Perhaps you’re thinking:
“Storage is cheap these days, and optimizing a PostgreSQL database takes time and effort. I’ll just keep adding more storage.”
Or perhaps:
“My PostgreSQL provider is actually usage-based (like Timescale), and I don’t have the problem of being locked into a large disk.”
Indeed, resigning yourself to simply using more storage is the most straightforward way to tackle an increasingly growing PostgreSQL database. Are you running servers on-prem? Slap another hard drive on that bad boy. Are you running PostgreSQL in RDS? Raise the storage limits. But this comes with problems.
The first and most obvious problem is the cost. For example, if you’re running PostgreSQL in an EBS instance in AWS or in RDS, you’ll be charged on an allocation basis. This model assumes you’ll predetermine how much disk space you’ll need in the future and then pay for it, regardless of whether you end up using it or not, and without the chance of downscaling.
In other PostgreSQL providers, when you run out of storage space, you must upgrade and pay for the next available plan or storage tier, meaning you’ll see a considerably higher bill overnight.
In a way, these issues are mitigated by usage-based models. Timescale charges by the amount of storage you use: you don't need to worry about allocating storage or managing storage plans, which really simplifies things—and the less storage you use, the less it costs.
Usage-based models are a great incentive to actually optimize your PostgreSQL database size as much as possible since you’ll see immediate reductions in your bill. But yes, this also works the opposite way: if you ignore managing your storage, your storage bill will go up.
The second problem with not optimizing your PostgreSQL storage usage is that this situation can lead to bad performance. Queries run slower and your I/O operations increase. This is something that often gets overlooked, but maintaining PostgreSQL storage usage is paramount to keeping large PostgreSQL tables fast.
This last point deserves a deeper dive into how data is actually stored in PostgreSQL and what is causing the problem, so let’s briefly cover some essential PostgreSQL storage concepts.
Essential PostgreSQL Storage Concepts
How does PostgreSQL store data?
At a high level, there are two terms you need to understand: tuples and pages.
A tuple is the physical representation of an entry in a table. You'll generally see the terms tuple and row used interchangeably. Each element in a tuple corresponds to a specific column in that table, containing the actual data value for that column.
A page is the unit of storage in PostgreSQL, typically 8 kB in size, that holds one or more tuples. PostgreSQL reads and writes data in page units.
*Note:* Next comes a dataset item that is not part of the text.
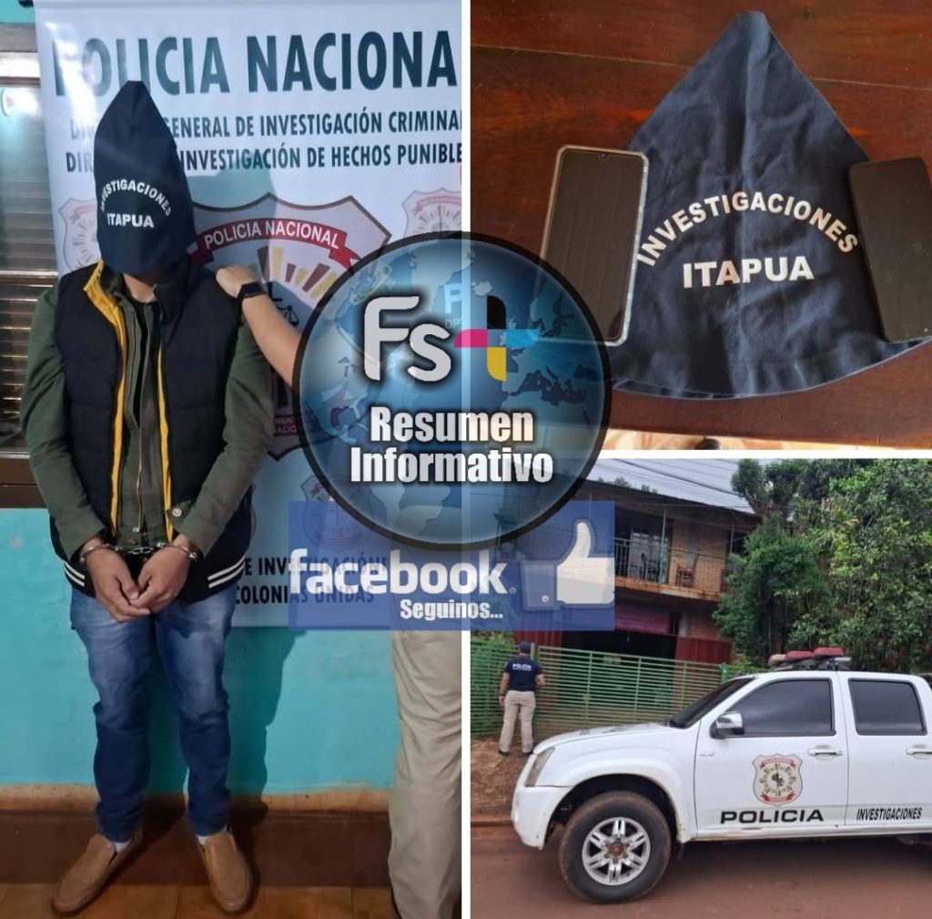 Tras ser informado de sus derechos conforme al artículo 12 de la Constitución Nacional, el detenido fue trasladado hasta la Comisaría 12 de Hohenau, donde permanece en libre comunicación, a disposición del Ministerio Público.

Each page in PostgreSQL consists of a page header (which contains metadata about the page, such as page layout versions, page flags, and so on) and actual data (including tuples). There’s also a special area called the Line Pointer Array, which provides the offsets where each tuple begins.
What happens when querying data?
When querying data, PostgreSQL utilizes the metadata to quickly navigate to the relevant page and tuple. The PostgreSQL query planner examines the metadata to decide the optimal path for retrieving data, for example, estimating the cost of different query paths based on the metadata information about the tables, indexes, and data distribution.
What happens when we INSERT/ DELETE/ UPDATE a row in PostgreSQL?
When a new tuple is inserted into a PostgreSQL table, it gets added to a page with enough free space to accommodate the tuple. Each tuple within a page is identified and accessed using the offset provided in the Line Pointer Array.
If a tuple inserted is too big for the available space of a page, PostgreSQL doesn't split it between two 8kB pages. Instead, it employs TOAST to compress and/or break the large values into smaller pieces. These pieces are then stored in a separate TOAST table, while the original tuple retains a pointer to this external stored data.
What is a dead tuple?
A key aspect to understand (and this will influence our PostgreSQL database size, as we’ll see shortly) is that when you delete data in PostgreSQL via DELETE FROM, you’re not actually deleting it but marking the rows as unavailable. These unavailable rows are usually referred to as “dead tuples.”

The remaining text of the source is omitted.